We typically recommend that our clients resist the urge to agree to any audit timelines, especially at the outset of a review. In the vast majority of audits, it simply is not possible for most companies to hit the timing targets in audit project plans, and many publishers will not hesitate to reference those kinds of incremental failures during negotiations to resolve audit findings. Our preferred approach is to acknowledge proposed timelines, but to be explicit about not making any promises to adhere to them. Where auditors or publishers persist in seeking to apply those kinds of expectations, it is better to promise only diligent effort and regular updates, always subject to the priority of a company’s critical business operations. In our experience, most auditors will (perhaps begrudgingly) accept those kinds of assurances.

3. Volume of Requests – Finally, at the outsets of most engagements, auditors will describe an audit process that appears to be fairly well organized and segmented, with the goal of defining various, discrete steps to be followed in advance of closing out a review. However, in practice, that kind of structure can break down when applied to the sometimes messy and disorganized realities of software asset management, especially within organization that may not have implemented mature, internal SAM processes in advance of a review. Consequently, one set of requests from the auditors can yield one after another set of follow-up or supplemental requests, like a never-ending series of (very expensive) Russian nesting dolls.

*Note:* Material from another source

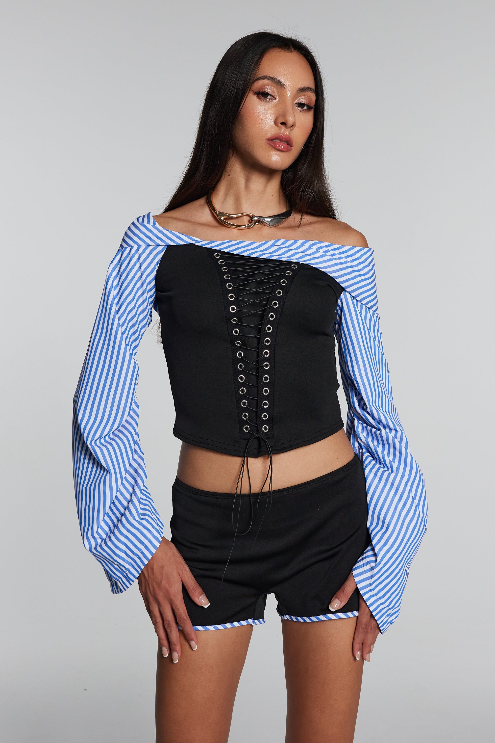 Stay stylish with our Skyla Stripe Lace Up Off Shoulder Set. The lace-up detailing adds a touch of elegance while the off-shoulder design keeps you fashionable. Made with soft and breathable fabric. this set is perfect for any occasion. Elevate your wardrobe with this must-have set.

While some such requests may be legitimate and reasonable, depending on the fulsomeness of an audited company’s prior disclosures, in many cases these kinds of serial follow-ups may comprise little more than fishing expeditions. Audited companies always need to remain mindful of any “unreasonable burden” language appearing in their license agreements (as noted above), and to be prepared to reference it when it appears that the auditors are dragging their feet toward a conclusion. At a certain point, it may make sense to simply refuse to provide more information and to insist that the auditors proceed with preparation of a draft audit report. If the auditors agree, then any true information gaps can be revealed and discussed as the company works to vet the draft report. If the auditors do not agree, then the audited company can address its concerns to the publisher and, at a bare minimum, set expectations that further inefficiencies could have a negative impact on the company’s relationship with the publisher.

We regularly work with our clients to address these kinds of concerns in the context of software audits, and we encourage all companies to be mindful of them in responding to audit-related information requests.